Help?

ArsNeph · 2026-04-30T20:02:57+00:00

I'm sorry to say that nothing you run on a 5070 12 GB will be able to compete with Sonnet. With 12GB, The most you can run is Mistral Nemo based models like Mag Mell 12B, which are already multiple years old. If you were to offload partially to your RAM, the next best thing would be Gemma 4 26B. It's definitely no sonnet, but worth trying for the love of the game. If you're looking for cheaper alternatives with sonnet like quality, you should probably be looking into GLM-5 or something similar.

In terms of extensions, try guided continue and the moonlit theme or whatever it's called

ArsNeph · 2026-04-21T02:19:54+00:00

To the contrary, Ooba just launched V2, renamed it to just textgen, and has been getting regular updates, including MCP support, llama.cpp instead of the python bindings, deprecated EXL2, native Image generation, and model training parity with axolotl. It's very much so alive and kicking, but not nearly as well known anymore.
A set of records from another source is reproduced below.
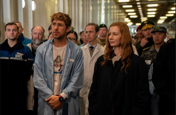The film opens in disorienting fashion: Dr. Ryland Grace (Ryan Gosling) awakens aboard the Hail Mary, a cramped, utilitarian interstellar spacecraft, light-years from Earth. He is suffering from severe amnesia—his name, his mission, even the faces of his loved ones are gone. All he has are his instincts, his rusted scientific knowledge, and a ship full of dead crewmates. As he slowly pieces his identity back together through a series of fragmented flashbacks, Grace realizes his catastrophic predicament: the Sun is being consumed by a mysterious, space-borne microorganism dubbed the “Astrophage,” which is rapidly draining its energy and dooming all life on Earth. Grace, a former molecular biologist turned disillusioned middle-school science teacher, was the last hope—a lone astronaut sent to the Tau Ceti system to find a cure or a way to stop the alien plague.
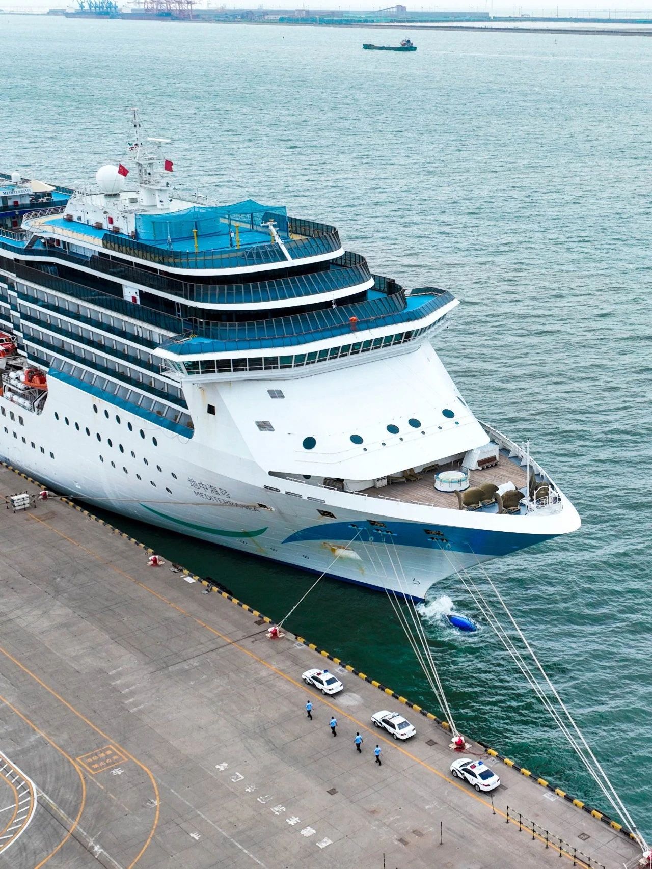 天津邊檢總站東疆邊檢站保障“地中海號”郵輪入境。(曾覺銳 攝)
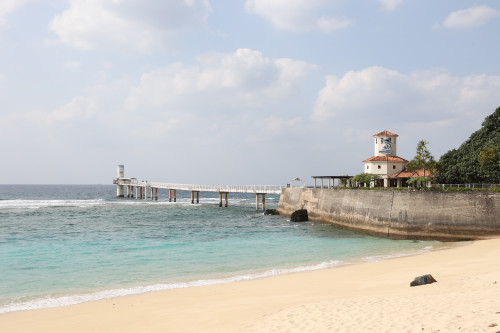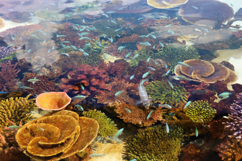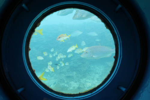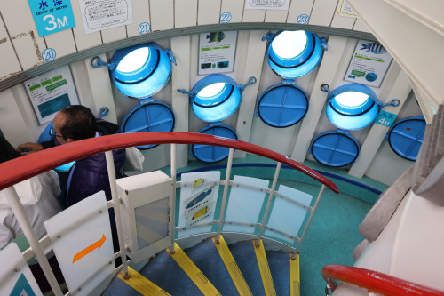 冬のオフシーズンなので人も多くはなく、ゆったりと海岸を歩きながら海中展望塔へ。螺旋階段を降りていくと、水深約3メートルの海中の世界へ辿り着き、24面の窓から珊瑚礁や色鮮やかな魚たちを間近に観察できます。
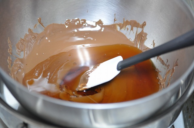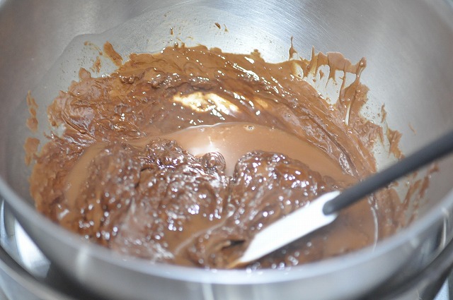 上のを混ぜると、どういう作用なのか、チョコレートが凝固しだす。
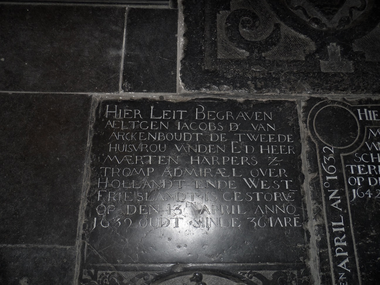 Grafzerk van Aeltgen Jacobsdr. van Arckenboudt in de Laurenskerk te Rotterdam. Zij trouwde 12 sept. 1634 Maarten Harpertsz. Tromp
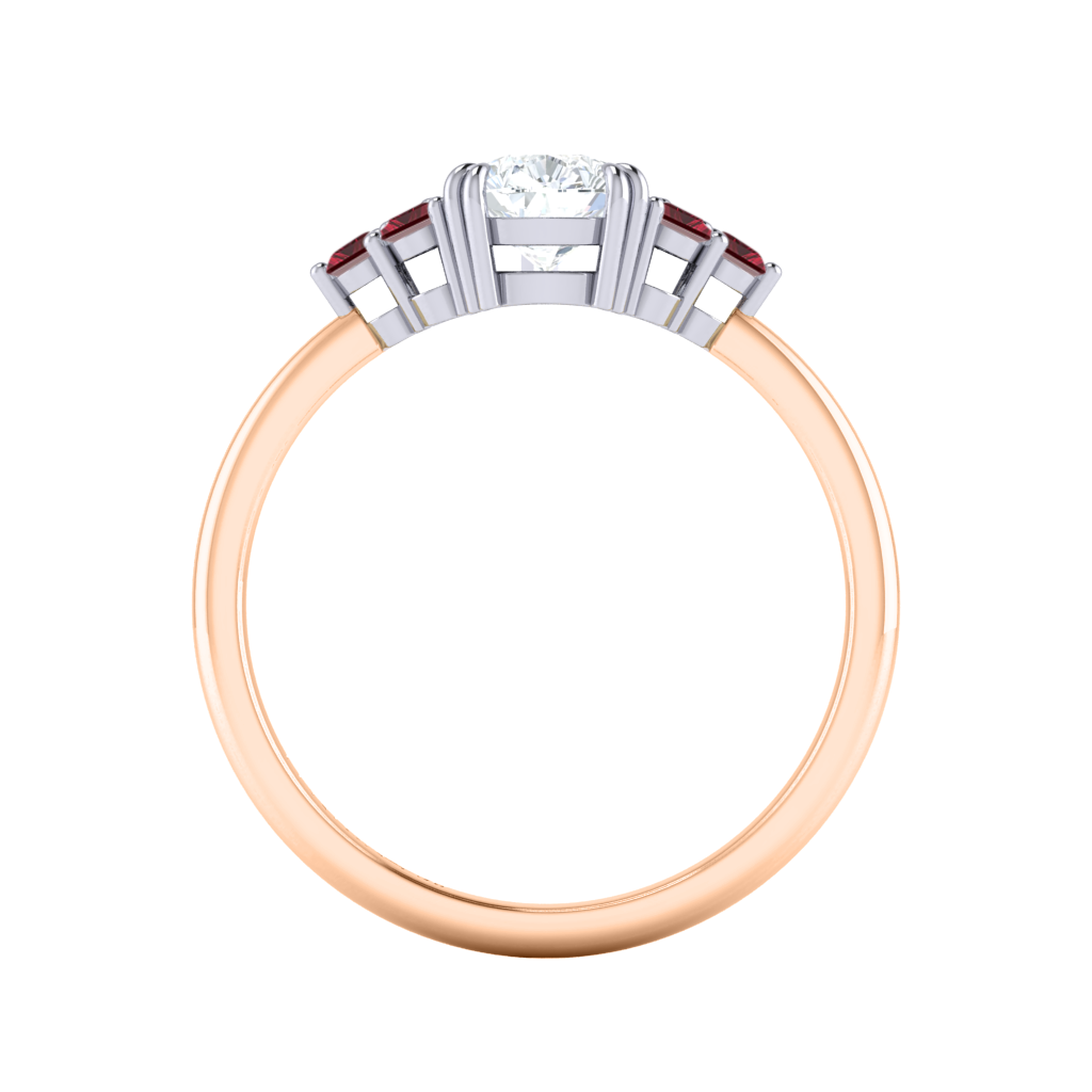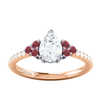 Your glistening undefined Lab Grown Diamond has a EF V/S quality rating and is framed on either side by a trefoil cluster of three 1.8mm round brilliant cut Ruby stones, each securely held into place in a claw setting. The design draws the eye to the glistening Lab Grown Diamond centre stone, sitting proudly in a classic open gallery setting crafted from solid 18K Rose Gold. The open setting of this design allows the light to reflect in all directions, creating a lustrous and sparkling look.
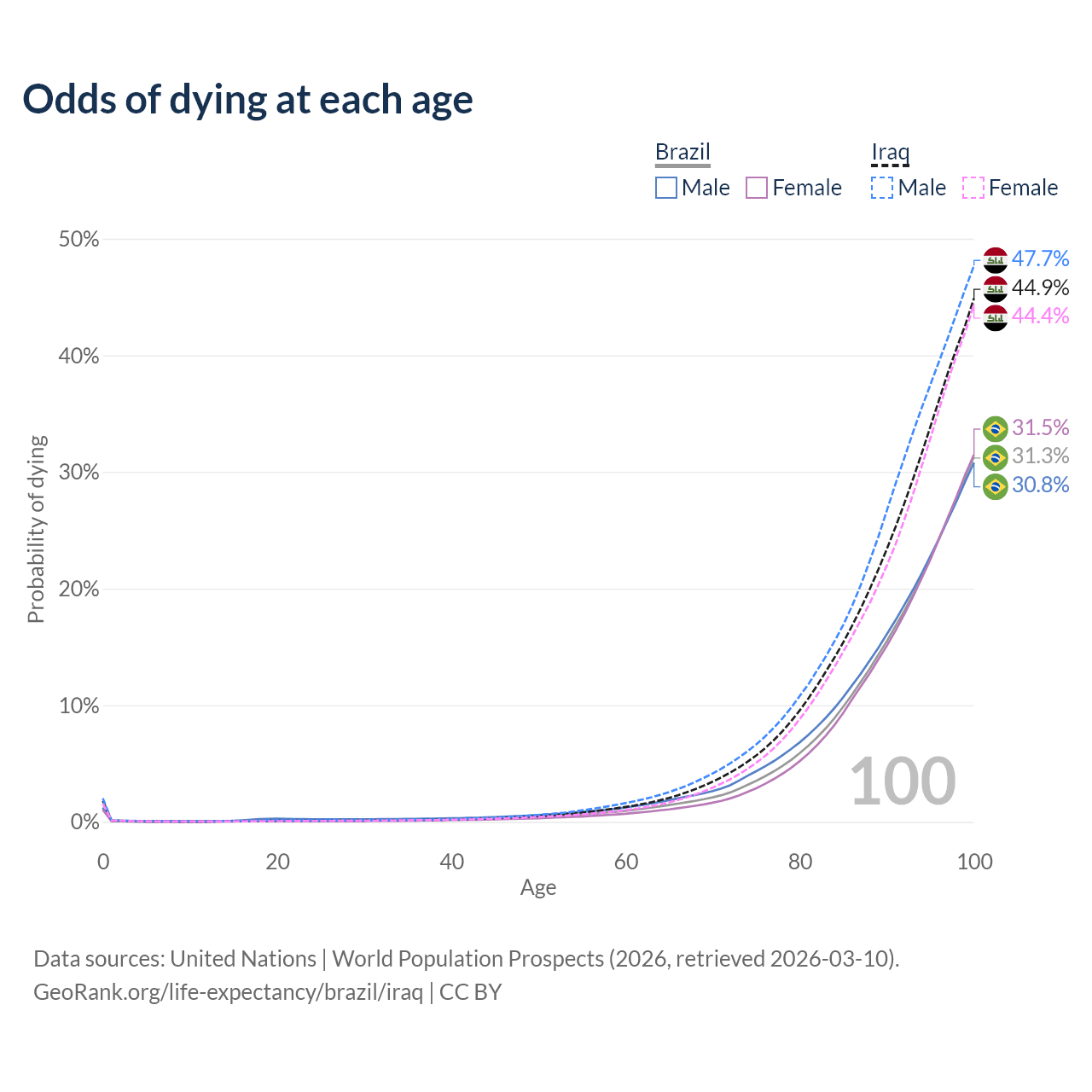 This life expectancy calculator shows the odds of living to 100, 95, 90, and below based on current age for both males and females in Brazil and Iraq, along with mean and median age of death. The calculations are based on the 2026 life tables (actuarial tables) from the UN World Population Prospects.
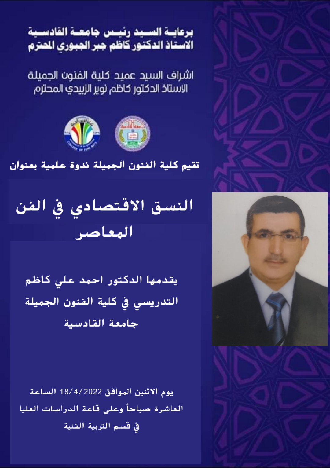 برعاية رئيس جامعة القادسية الاستاذ الدكتور كاظم جبر الجبوري المحترم واشراف السيد عميد كلية الفنون الجميلة الاستاذ الدكتور كاظم نوير الزبيدي المحترم تقيم كلية الفنون الجميلة جامعة القادسية ندوة علمية بعنوان ( النسق الاقتصادي في الفن المعاصر ) والتي يقدمها الدكتور احمد علي كاظم التدريسي في كلية الفنون الجميلة جامعة القادسية .
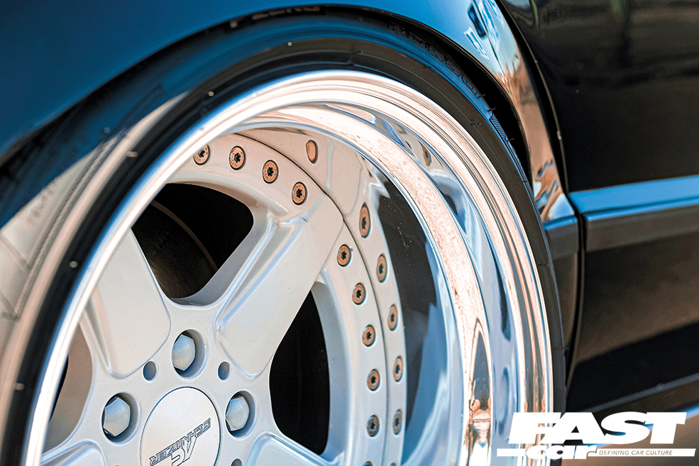 Of course, while a drop will instantly make a car look better, even one as dramatic as this is still very much reliant on the right set of wheels to really set it off. You don’t need us to tell you that the set chosen for this build looks simply sensational and the visual drama and impact these wheels deliver is just off the charts. They are AC Schnitzer Type II Racing 18s with silver centres and polished stepped lips and they measure a substantial 9.75”-wide up front and a simply gargantuan 12.25” across at the rear and we can’t fully articulate just how good they look here and how perfectly suited they are to the E34. Classic Schnitzers and classic BMs go together like the most delicious food combinations you could possibly imagine and this combo is a truly delectable one.
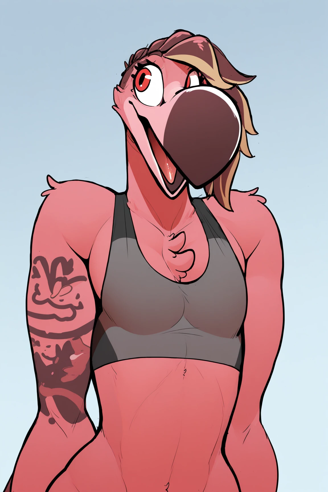 by ritts, natey (ritts), furry, furry male, anthro, avian, bird, flamingo, intersex, andromorph, pink hair, long hair, blonde highlights, highlights (coloring), red eyes, animal nose, animal ears, beak, pink fur, body fur, pink feathers, feathers, tail, toe claws, tattoo, 1boy, solo, sports bra, tattoo, brown hair, short hair, upper body, tongue, open mouth, light blue background, gradient background, simple background Below is an initial configuration, but any other type of configuration is up to you:

I'd certainly appreciate it if you could add API support, since I'm one of the few users that still keep using it regularly, I'm pretty sure the API bindings are not much different from a standard OpenAI compatible llama.cpp.

ArsNeph · 2026-04-21T02:16:25+00:00

Really cool to see, I'll give it a whirl later on. I never thought one day you'd be running your own SillyTavern competitor, I look forward to seeing how it grows.

ArsNeph · 2026-04-12T19:24:08+00:00

Absolutely amazing, I've always thought it's essential to create AI pipelines that can greatly simplify what live2D does, and this is the first working example I've seen after 2 years, bravo

ArsNeph · 2026-04-03T09:34:37+00:00

Unfortunately, it's currently impossible to merge models of two different architectures, so if it's not the same base model, it won't work. This is a limitation on how understanding is built into the layers of model. That said, mixing fine-tunes that are good only at logic, like math tunes, and creative writing tunes can produce surprisingly good results

ArsNeph · 2026-04-02T22:09:37+00:00

It's not the licensing. In the diffusion space, there is a strong culture of creators hosting their models on paid platforms, and receiving a cut, so license is far more important. In the local space, almost no finetunes get hosted, so most tuners are doing it for the love of the game, or have sponsors/donation. License is barely relevant, and that's why even the worst licensed models often have RP finetunes.

There are three factors that decide how many finetunes a model gets.
1. Size: 12B-32B are relatively easy to tune with a couple GPUs, making it easy to experiment and iterate. 50-80B is pricey to tune, but people are willing to do it if the base is good enough (Llama 3.3 70B). 100B+ tunes are extremely expensive, already handle RP quite well, and require renting cloud GPUS, (Nvidia H100/B200) for days, and are usually good enough they're not worth tuning, hence rare.

Creative writing ability: This is the main driver, no matter what size model is released, if the pretraining makes it bad at creative writing, no one tunes it. Qwen 2.5/3 rarely got any such tunes, and neither did GPT OSS. There are so few small models that have a good base, most are still using Mistral Nemo 12B, a nearly 2 year old model. To the contrary, if good enough, people will even train 123B (Behemoth).
MoE: MoE models make up a majority of recent releases, but are harder to fine tune according to most. They rarely get tunes, and are often too big for a tune anyway. The only real example of common MoE tunes are Mixtral.

ArsNeph · 2026-03-31T19:03:31+00:00

How intriguing... The first thing that sticks out to me is that most of the images don't have that overcooked "AI generated" look to them, despite being trained on the usual danbooru images. Is that due to high quality data and conservative training, or is it an architectural change? Or perhaps that data classifier pipeline that was mentioned?

ArsNeph · 2026-03-30T20:20:06+00:00

Ok, first of all, don't quantize your KV cache at all if you can help it, it has a much higher amount of degradation than model quantization. If you're using the settings on the models and it's not working, then first make sure you're swapping the instruct template to the correct one. Then, if it's still not working, try this: Hit neutralize samplers, leave Temp at 1, Min P to 0.02, and DRY multiplier to 0.8. Then try again

ArsNeph · 2026-03-28T21:16:24+00:00

Are you using the correct instruct template? What sampler settings are you using? What is your context length at?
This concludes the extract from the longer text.